People can convince themselves to believe anything, or so it would seem, as the financial meltdown continues to unfold and, unfortunately, expand.

Isn’t it amazing how clear it becomes once something collapses that it was all just another version of that oldest of architectural tricks–the house of cards. But while it was happening, there are usually only a very few isolated voices trying to pierce the din with warnings and other cautionary reminders.

People, it seems, just love getting caught up in a mania. Let’s fly with emotion, and reason be damned.

It doesn’t matter whether that mania is for stocks of start-up technology companies whose horizon for any kind of meaningful profit is somewhere over the rainbow; or for real estate investments that supposedly can be flipped for huge profits ad infinitum; or, going back in history and across the ocean, for tulip bulbs.

And let’s face it, it’s not just individuals that get caught up in the madness. It’s whole swaths of the population, not to mention whole segments of the business world. And it’s this factor that makes the situation so interesting. After all, how much would anybody really care about only one lemming diving off a cliff?

No, it’s the fact of their collective madness that has made lemmings a reference point for human conduct.

All of this brings to mind some of the lessons we really should be teaching our kids in school (and at home) but which seem to be getting short shrift in our educational factories.

First lesson: If something seems to be too good to be true, it is.

The sage graybeards among you will pooh-pooh, saying “that’s only common sense.” To which my reply would be “it ain’t that common.”

The whole point, after all, about these manias that grab us is that the up-and-down cycle so intrinsic to life has been banished: tech stock prices can only go up; housing prices can only keep rising; someone somewhere will give me more for my tulip bulb than I paid for it.

Second lesson: Debt bites. And once it sinks its teeth in, it’s hard to pull them out. Tennessee Ernie Ford sang it best some 50 years ago in a song called “Sixteen Tons,” whose refrain started with the words, “Sixteen tons and what do you get? Another day older and deeper in debt.”

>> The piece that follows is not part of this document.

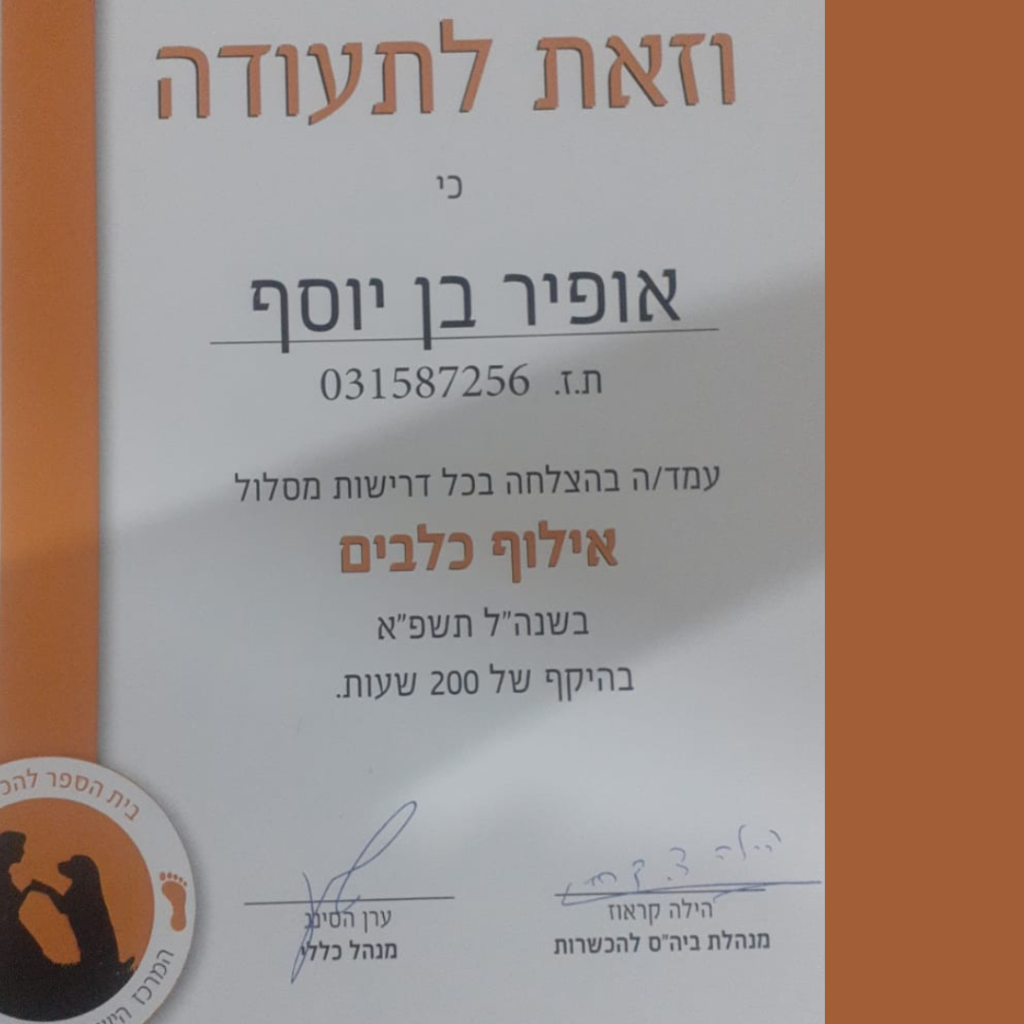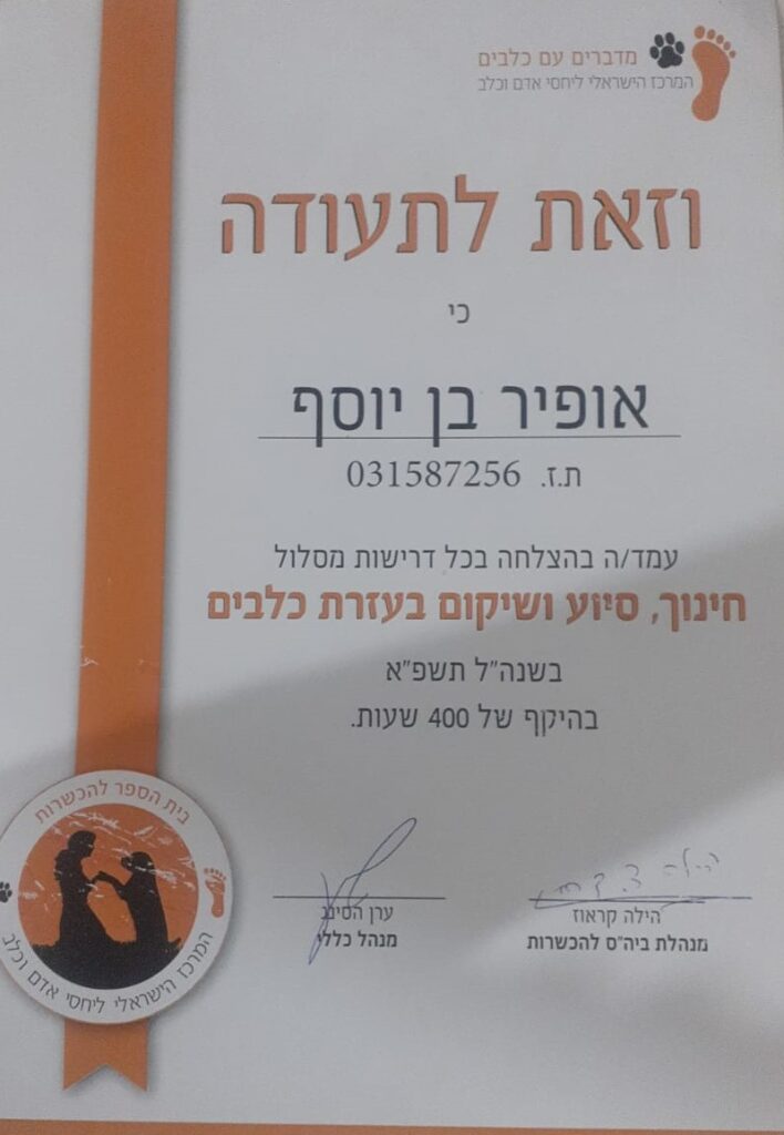 שמי אופיר, למדתי כלבנות טיפולית ואני רואה בכך שליחות לסייע לכל ילד להתמודד עם הפחדים והקשיים שמלווים אותו, ולהעצים אותו. כל ילד כזה מעלה חיוך על שפתי ומעניק לי סיפוק אישי בסוף כל יום.

Just think of the expressions we use to characterize debt: monkey on your back, ball and chain. Yet these images seem to be powerless in helping many people resist the siren song of buying what they can’t afford simply because they want it and won’t wait until they have the wherewithal to get it.

We need to start constantly reinforcing with our kids (and ourselves as a society, obviously) what Mr. Micawber finally learned in “David Copperfield”: “Annual income twenty pounds, annual expenditure nineteen nineteen six, result happiness. Annual income twenty pounds, annual expenditure twenty pounds ought and six, result misery.”

(For the sake of our kids, though, let’s translate that into American currency.)

Third, while you may think that rainy days will never come, save for them anyway. “Let a smile be your umbrella” was a big hit many years back, but I think experience has shown there’s nothing so rainproof as having money in the bank.

Going back to lemmings, most accounts or pictures show them at the moment of diving, as if that were the end of it. But taking the process to its natural end, it becomes clear that lemmings are not the (real) animal world equivalent of Wily Coyote who “pick themselves up, dust themselves off and start all over again.”

They pay a stiff price for their madness–and so do we, it seems, over and over and over.